Apollo era figlio di Zeus e Latona, la quale si rifugiò sull'isola di Asteria (chiamata Delo – dal greco dopo la nascita del dio) per potersi sottrarre alla maledizione lanciatale da Hera e poter quindi partorire i due gemelli Apollo e Artemide.
Apollo personifica nel mondo greco l'anima razionale, in quanto apportatore di luce (a lui era dato il compito di trasportare sul suo carro l'astro da est ad ovest ogni giorno) è dunque depositario anche, e soprattutto, della luce interiore: "conosci te stesso" era infatti il detto scolpito nella roccia del suo tempio a Delfi.
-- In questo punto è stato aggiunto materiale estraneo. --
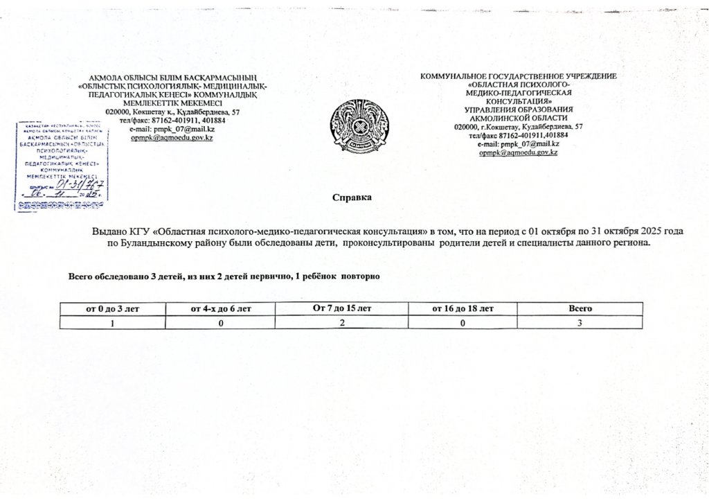 Бұланды ауданы бойынша "Облыстық психологиялық-медициналық-педагогикалық кеңесі" КММ-нің қазан айына балаларды тексеру анықтамасы

Ma è anche il dio dell'arte e della musica (Apollo Musagete): si accompagnava alle Muse, con le quali viveva sull'Elicona; è anche dio della medicina e della profezia. L'arte medica e quella divinatoria erano associate nell'antica Grecia, considerando sia il medico che l'indovino capaci di "capire" attraverso segni (o sintomi!) la realtà delle cose. Il potere divinatorio era esercitato dal dio nelle numerose sedi dei suoi oracoli, primo tra tutti quello di Delfi (Apollo Delfico o Pitico).

Apollo viene normalmente raffigurato coronato di alloro, pianta sotto la quale il dio sarebbe nato e con la quale si cingeva il capo dei vincitori dei giochi olimpici. Ma è spesso raffigurato anche con l'arco e la cetra, rispettivamente simboli della vendetta (spesso è infatti invocato per punire) e dell'arte della musica. Altro suo emblema caratteristico è il tripode sacrificale, legato ai suoi poteri profetici. Animali sacri al dio erano i cigni (simbolo di bellezza), i lupi, le cicale (a simboleggiare la musica e il canto), e ancora falchi, corvi e serpenti, questi ultimi con riferimento ai suoi poteri oracolari. Nella sua accezione di Alexikakos o Apotropaeos, entrambi significanti "colui che scaccia – o tiene lontano – il male", si riferisce, oltre che al suo già citato ruolo di patrono dei medici, anche il suo potere di scatenare – e dunque anche di tener lontane – malattie e pestilenze (del corpo e dello spirito).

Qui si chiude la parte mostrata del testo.